▶ **What you need to do**
Only the text of the records belongs in the answer, copied exactly and without pictures.

Items from a data source:
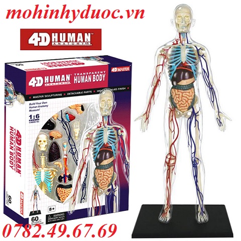 - Mô hình giải phẫu cơ thể người 4D nhỏ gọn, tổng quan cấu tạo đầy đủ các bộ phận giải phẫu đường đi của khung xương và hệ thống nội tạng, đi kèm là hệ thống động tĩnh mạch chi tiết.
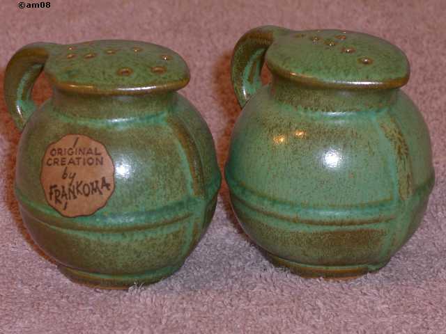 93H Guernseys, prairie green glaze, S9/P8 hole pattern, no base marks. Salt bears “original creation” paper label. This label is fairly common on post-1938 shakers.
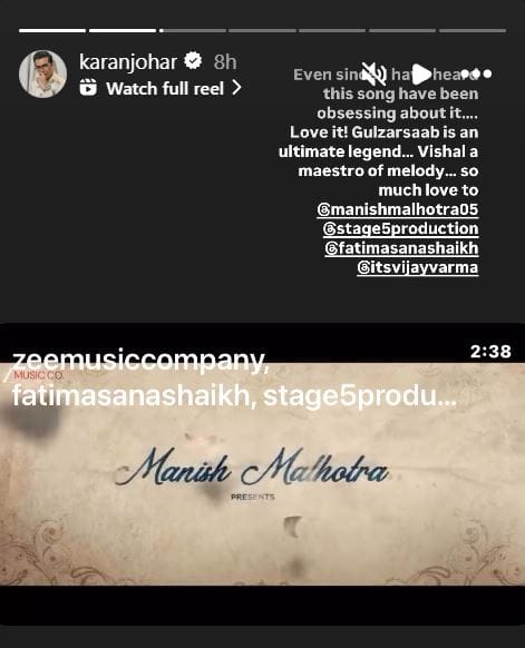 काजोल ने अपनी इंस्टाग्राम स्टोरी पर गाने की वीडियो क्लिप शेयर करते हुए लिखा है 'इसका बेसब्री से इंतजार है मनीष मल्होत्रा।' करण जौहर ने भी इस फिल्म को लेकर अपने उत्साह को सोशल मीडिया पर साझा किया है। उन्होंने अपनी इंस्टाग्राम स्टोरी पर लिखा 'जब से मैंने यह गाना सुना है, तब से मैं इसके बारे में सोच रहा हूं। मुझे यह बहुत पसंद है! गुलजार साहब एक लीजेंड हैं। विशाल सुरों के उस्ताद हैं। मनीष मल्होत्रा, फातिमा सना शेख, विजय वर्मा और स्टेज5 प्रोडक्शन को बहुत सारा प्यार।'
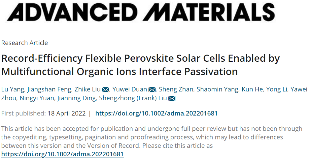 相关研究成果以题为“Record-Efficiency Flexible Perovskite Solar Cells Enabled by Multifunctional Organic Ions Interface Passivation”发表于国际顶级期刊《Advanced Materials》上。公司刘生忠教授、刘治科教授、段玉伟博士后为共同通讯作者,公司硕士研究生杨璐为第一作者。
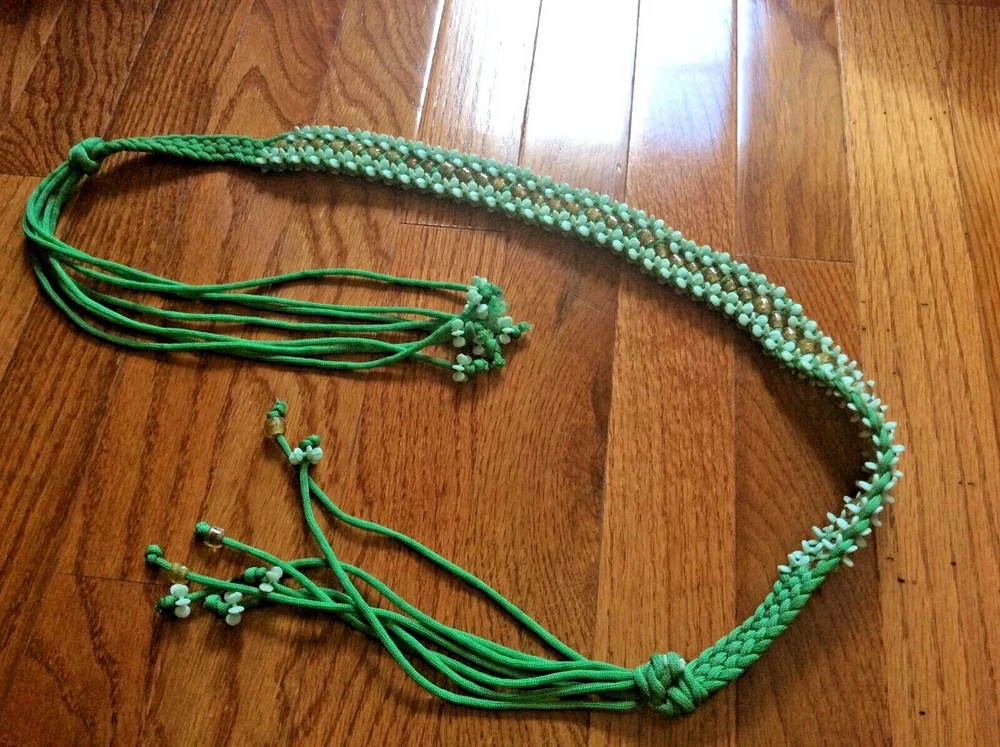 gtin13:Does not applyAccents:BeadedMPN:naType:BeltPattern:FloralBrand:HandmadeSize:45" longStyle:Waist BeltCountry of Origin:IndiaHardware Material:Not applicableVintage:NoDepartment:WomenWidth:1"Handmade:YesMaterial:NylonWaist Size:adjustableBelt Width:NormalCharacter:JadeFeatures:Handknotted, Beaded, Sequined, renaissance, prom, bridesmaidSize Type:RegularTheme:Beaded, bridesmaid, prom, bohoColor:GreenModified Item:NoUPC:Does not applySeller Notes:“Very nice, Jade green apple color, citrine color beads, very durable”Personalize:No
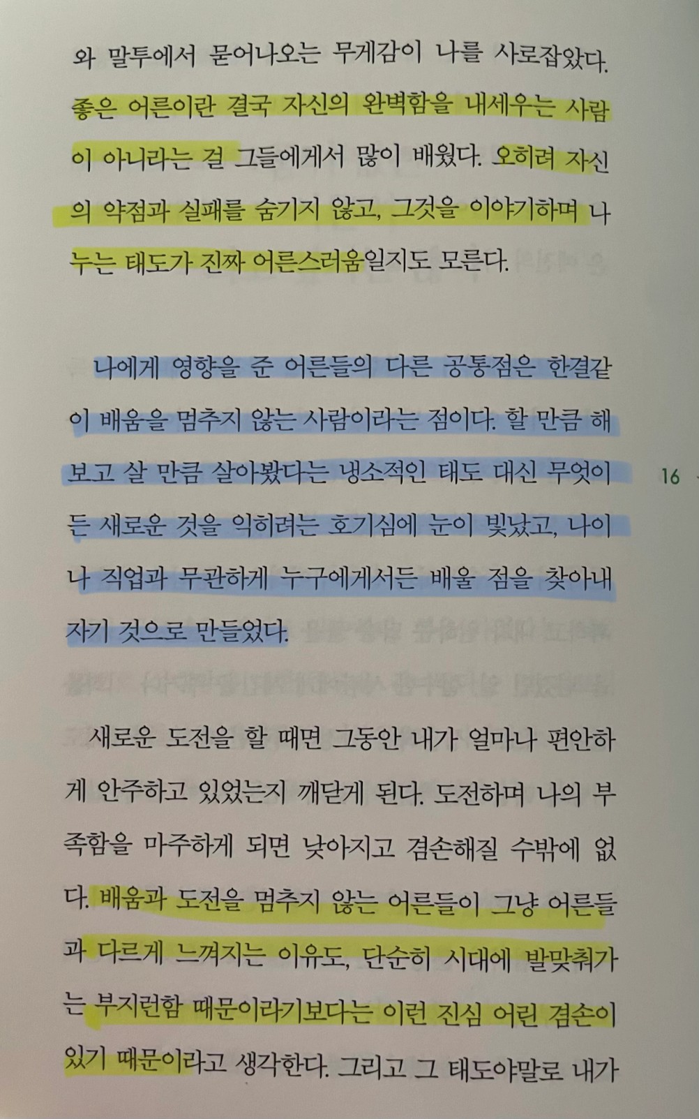 p.16 나에게 영향을 준 어른들의 다른 공통점은 한결같이 배움을 멈추지 않는 사람이라는 점이다. 할 만큼 해보고 살 만큼 살아봤다는 냉소적인 태도 대신 무엇이든 새로운 것을 익히려는 호기심에 눈이 빛났고, 나이나 직업과 무관하게 누구에게서든 배울 점을 찾아내 자기 것으로 만들었다.

▶ **Result of this exercise**
 - Mô hình giải phẫu cơ thể người 4D nhỏ gọn, tổng quan cấu tạo đầy đủ các bộ phận giải phẫu đường đi của khung xương và hệ thống nội tạng, đi kèm là hệ thống động tĩnh mạch chi tiết.
 93H Guernseys, prairie green glaze, S9/P8 hole pattern, no base marks. Salt bears “original creation” paper label. This label is fairly common on post-1938 shakers.
 काजोल ने अपनी इंस्टाग्राम स्टोरी पर गाने की वीडियो क्लिप शेयर करते हुए लिखा है 'इसका बेसब्री से इंतजार है मनीष मल्होत्रा।' करण जौहर ने भी इस फिल्म को लेकर अपने उत्साह को सोशल मीडिया पर साझा किया है। उन्होंने अपनी इंस्टाग्राम स्टोरी पर लिखा 'जब से मैंने यह गाना सुना है, तब से मैं इसके बारे में सोच रहा हूं। मुझे यह बहुत पसंद है! गुलजार साहब एक लीजेंड हैं। विशाल सुरों के उस्ताद हैं। मनीष मल्होत्रा, फातिमा सना शेख, विजय वर्मा और स्टेज5 प्रोडक्शन को बहुत सारा प्यार।'
 相关研究成果以题为“Record-Efficiency Flexible Perovskite Solar Cells Enabled by Multifunctional Organic Ions Interface Passivation”发表于国际顶级期刊《Advanced Materials》上。公司刘生忠教授、刘治科教授、段玉伟博士后为共同通讯作者,公司硕士研究生杨璐为第一作者。
 gtin13:Does not applyAccents:BeadedMPN:naType:BeltPattern:FloralBrand:HandmadeSize:45" longStyle:Waist BeltCountry of Origin:IndiaHardware Material:Not applicableVintage:NoDepartment:WomenWidth:1"Handmade:YesMaterial:NylonWaist Size:adjustableBelt Width:NormalCharacter:JadeFeatures:Handknotted, Beaded, Sequined, renaissance, prom, bridesmaidSize Type:RegularTheme:Beaded, bridesmaid, prom, bohoColor:GreenModified Item:NoUPC:Does not applySeller Notes:“Very nice, Jade green apple color, citrine color beads, very durable”Personalize:No
 p.16 나에게 영향을 준 어른들의 다른 공통점은 한결같이 배움을 멈추지 않는 사람이라는 점이다. 할 만큼 해보고 살 만큼 살아봤다는 냉소적인 태도 대신 무엇이든 새로운 것을 익히려는 호기심에 눈이 빛났고, 나이나 직업과 무관하게 누구에게서든 배울 점을 찾아내 자기 것으로 만들었다.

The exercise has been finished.